*** Opening Extracted entries ***

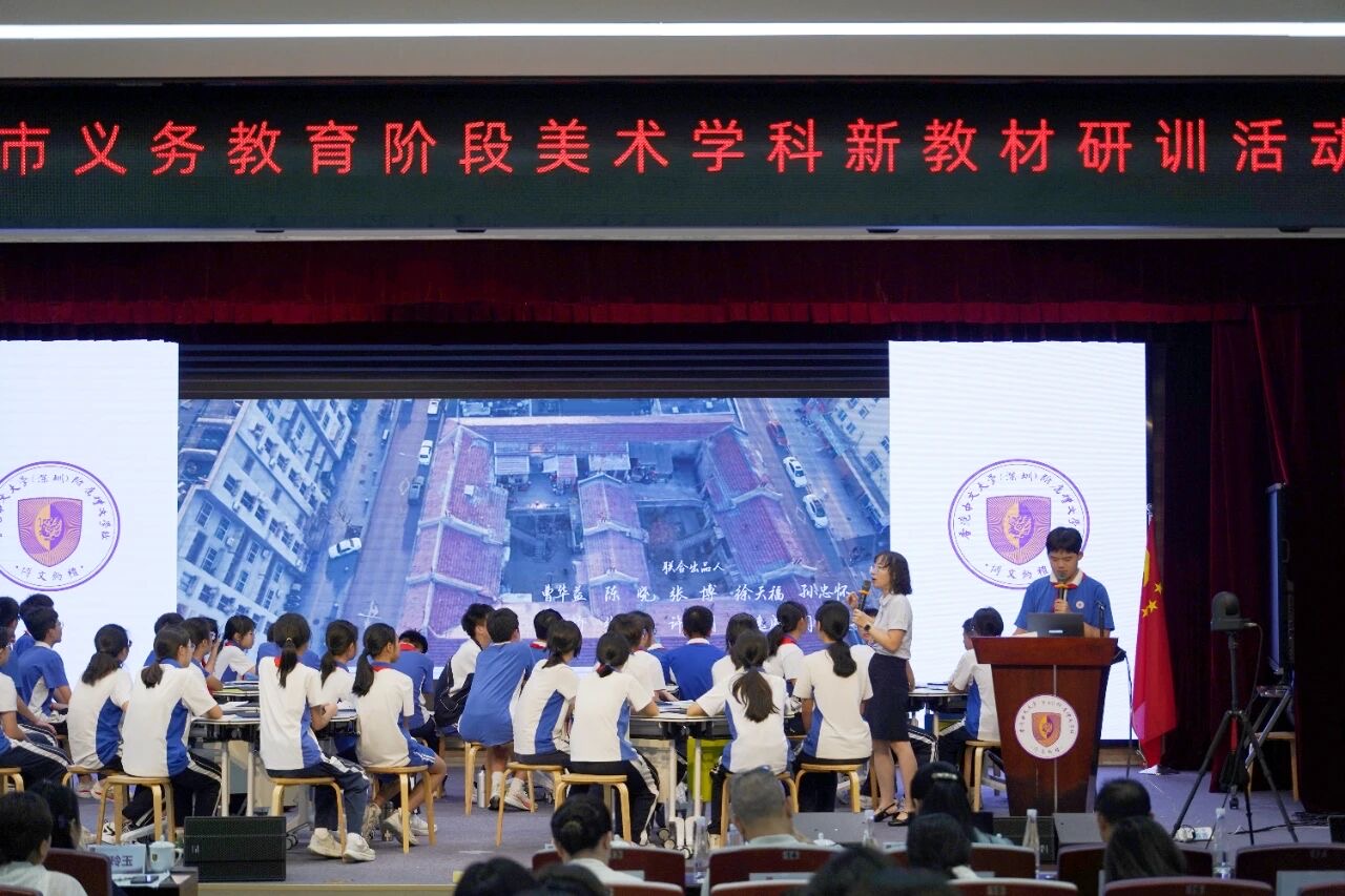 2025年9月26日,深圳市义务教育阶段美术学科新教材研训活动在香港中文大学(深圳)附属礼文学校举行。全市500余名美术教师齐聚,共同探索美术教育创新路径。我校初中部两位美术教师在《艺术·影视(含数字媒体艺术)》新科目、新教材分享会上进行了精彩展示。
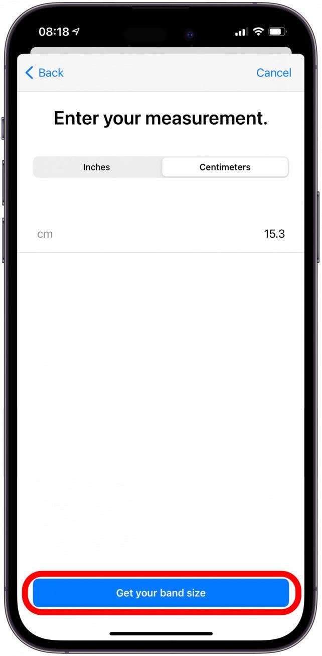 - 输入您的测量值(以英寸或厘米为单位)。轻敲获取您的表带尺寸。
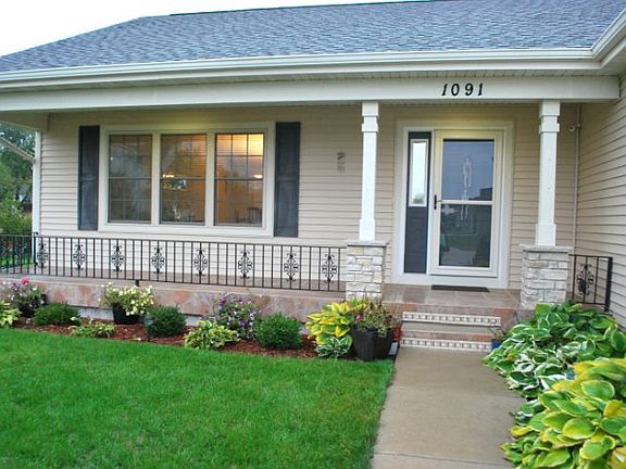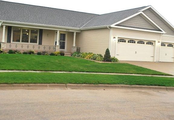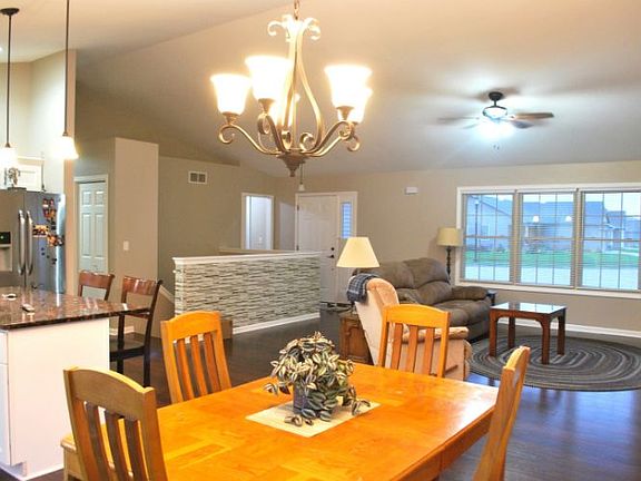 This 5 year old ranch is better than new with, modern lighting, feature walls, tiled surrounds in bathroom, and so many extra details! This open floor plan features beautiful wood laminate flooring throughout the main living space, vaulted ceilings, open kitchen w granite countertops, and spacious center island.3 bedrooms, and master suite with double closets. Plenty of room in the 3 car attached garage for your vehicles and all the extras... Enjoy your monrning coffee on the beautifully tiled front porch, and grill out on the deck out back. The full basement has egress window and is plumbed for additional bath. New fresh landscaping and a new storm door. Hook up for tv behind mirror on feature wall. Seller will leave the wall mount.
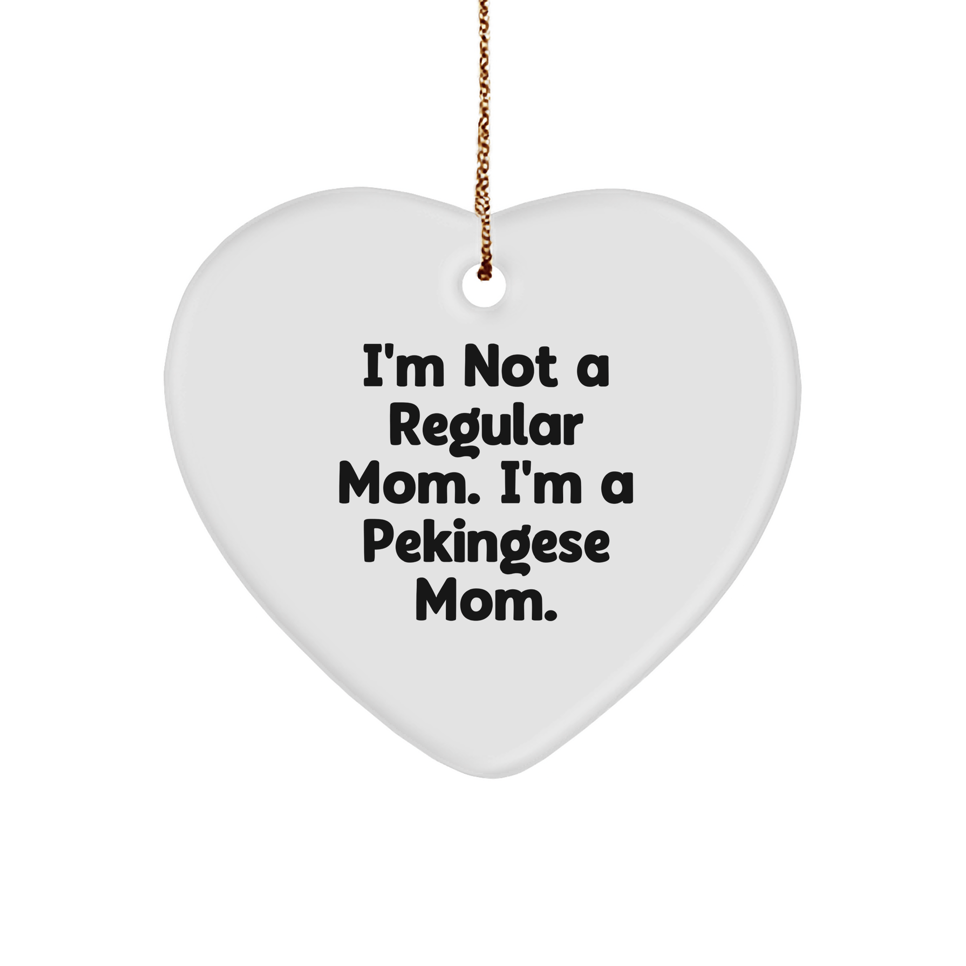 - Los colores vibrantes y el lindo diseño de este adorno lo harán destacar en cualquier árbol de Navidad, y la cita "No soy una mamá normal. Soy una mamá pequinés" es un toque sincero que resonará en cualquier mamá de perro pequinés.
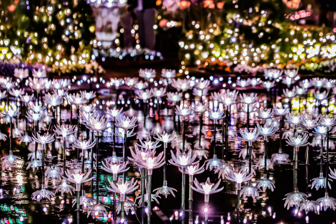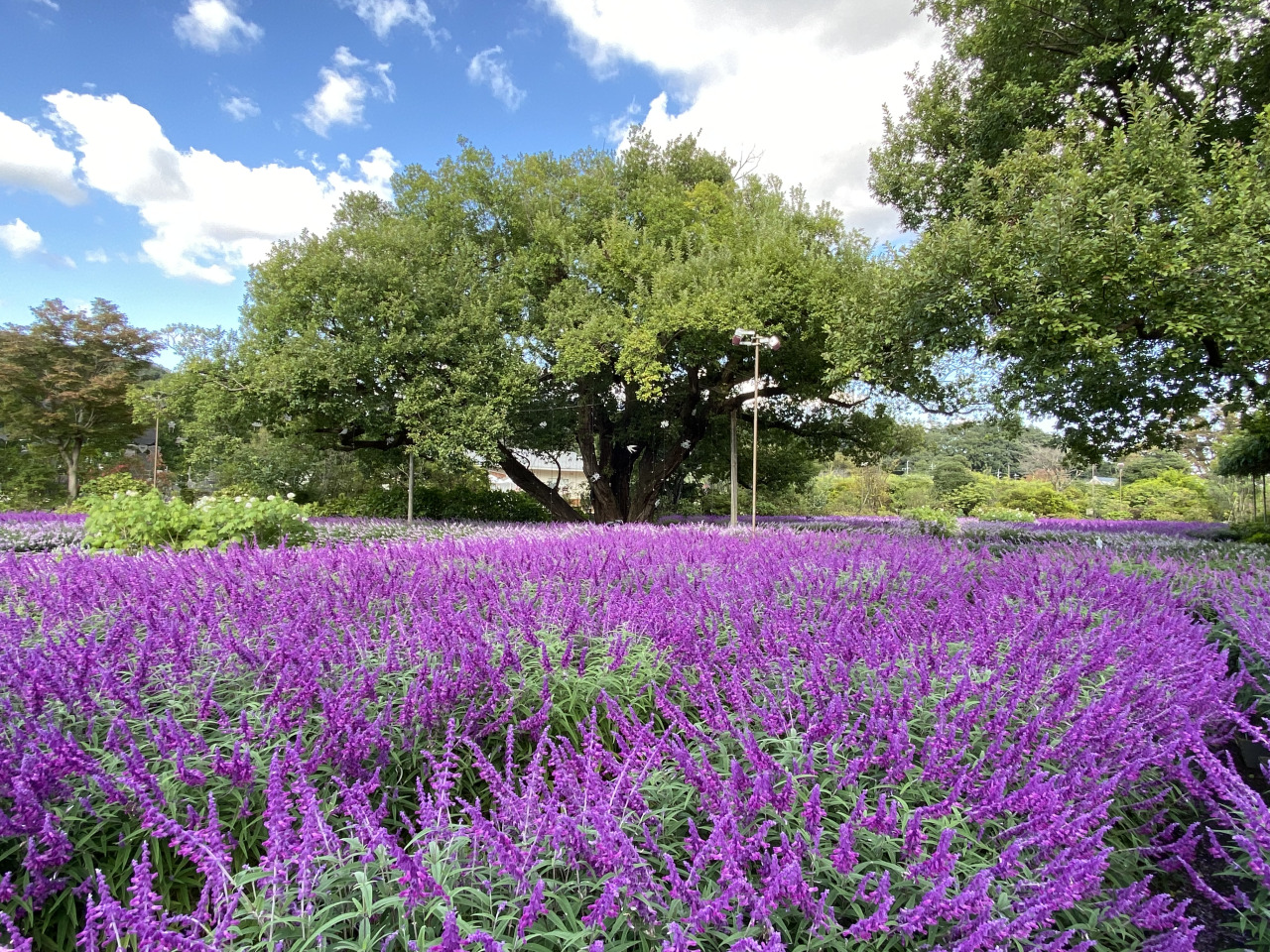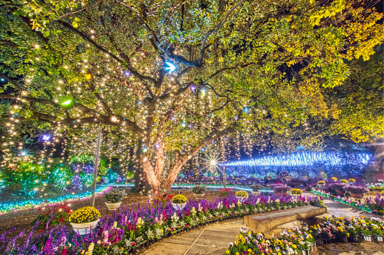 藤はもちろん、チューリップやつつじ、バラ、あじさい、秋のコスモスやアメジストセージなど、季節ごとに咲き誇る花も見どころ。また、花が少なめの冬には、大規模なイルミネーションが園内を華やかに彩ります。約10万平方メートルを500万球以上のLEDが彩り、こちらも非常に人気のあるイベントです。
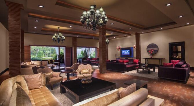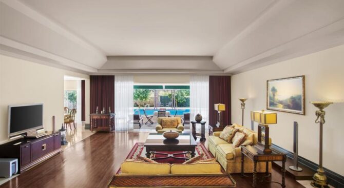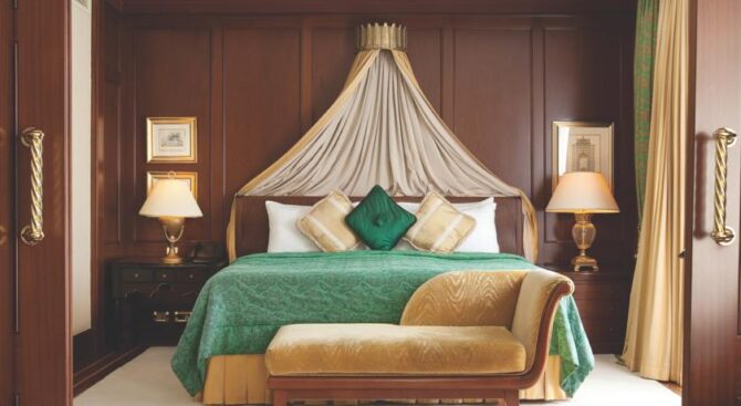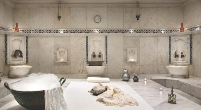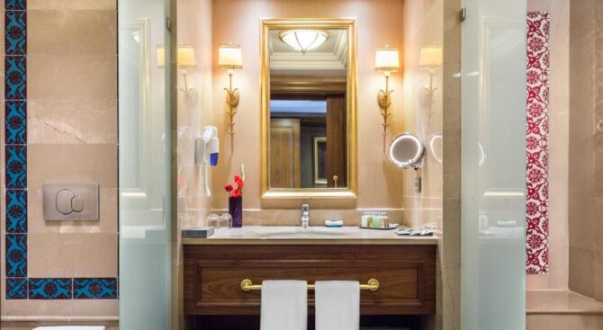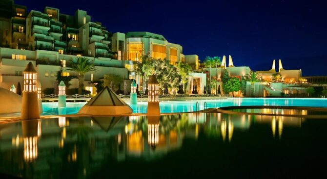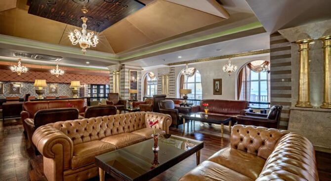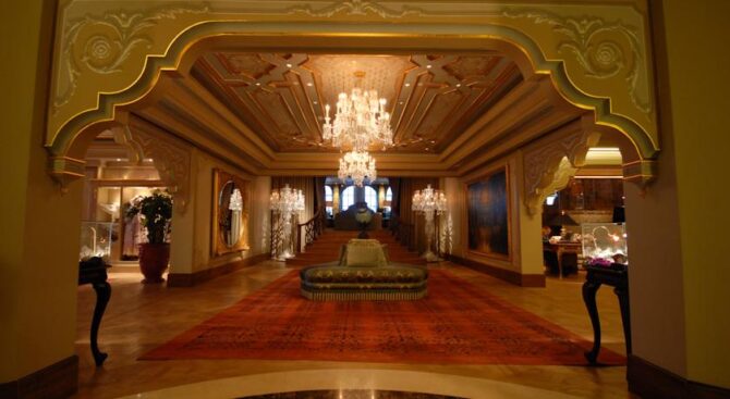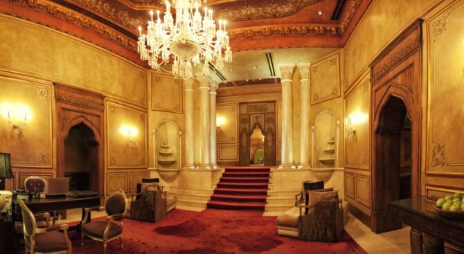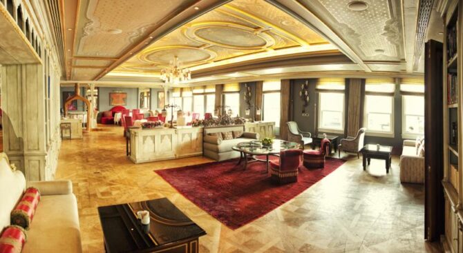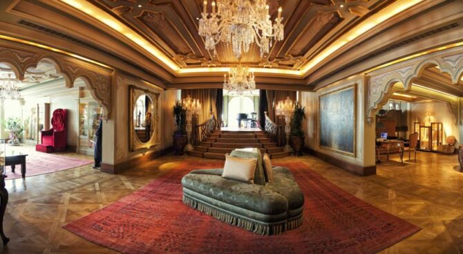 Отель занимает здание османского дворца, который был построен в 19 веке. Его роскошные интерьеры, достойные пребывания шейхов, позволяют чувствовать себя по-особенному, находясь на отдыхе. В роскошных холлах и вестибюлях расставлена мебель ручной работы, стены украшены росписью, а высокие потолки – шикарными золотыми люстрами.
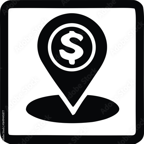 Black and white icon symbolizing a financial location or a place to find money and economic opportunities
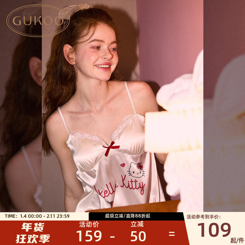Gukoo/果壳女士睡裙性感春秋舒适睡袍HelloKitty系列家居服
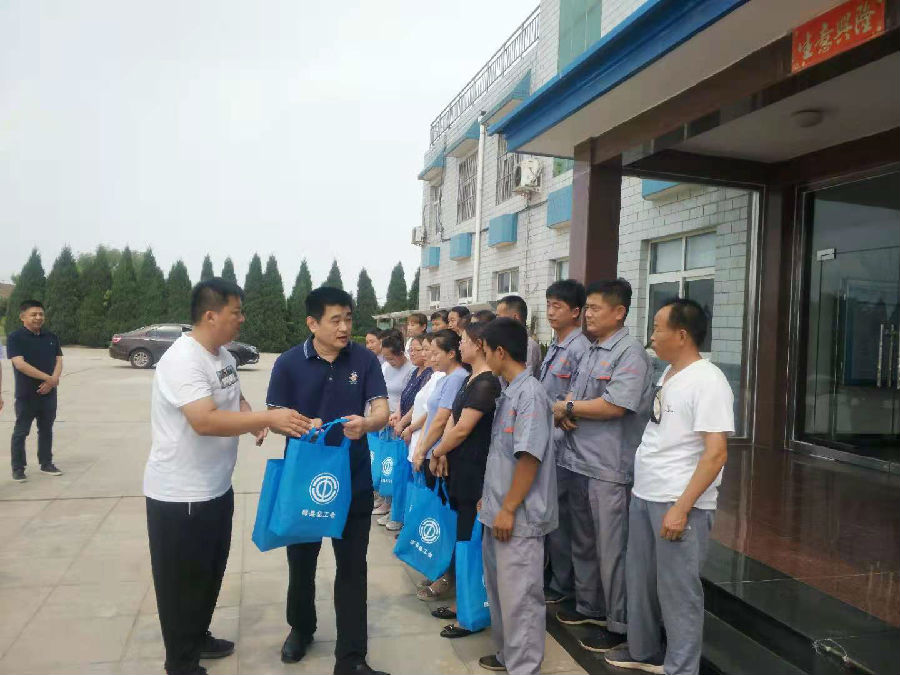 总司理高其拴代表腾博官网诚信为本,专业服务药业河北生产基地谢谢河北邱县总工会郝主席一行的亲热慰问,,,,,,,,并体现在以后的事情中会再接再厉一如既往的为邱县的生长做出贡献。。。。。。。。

*** Closing Extracted entries ***

- _Aim of the exercise_
Starting at the line that contains "Gukoo/果壳女士睡裙性感春秋舒适睡袍HelloKitty系列家居服" and ending with the last line of the data, transcribe every line exactly; skip the pictures.

- _Written response_
Gukoo/果壳女士睡裙性感春秋舒适睡袍HelloKitty系列家居服
 总司理高其拴代表腾博官网诚信为本,专业服务药业河北生产基地谢谢河北邱县总工会郝主席一行的亲热慰问,,,,,,,,并体现在以后的事情中会再接再厉一如既往的为邱县的生长做出贡献。。。。。。。。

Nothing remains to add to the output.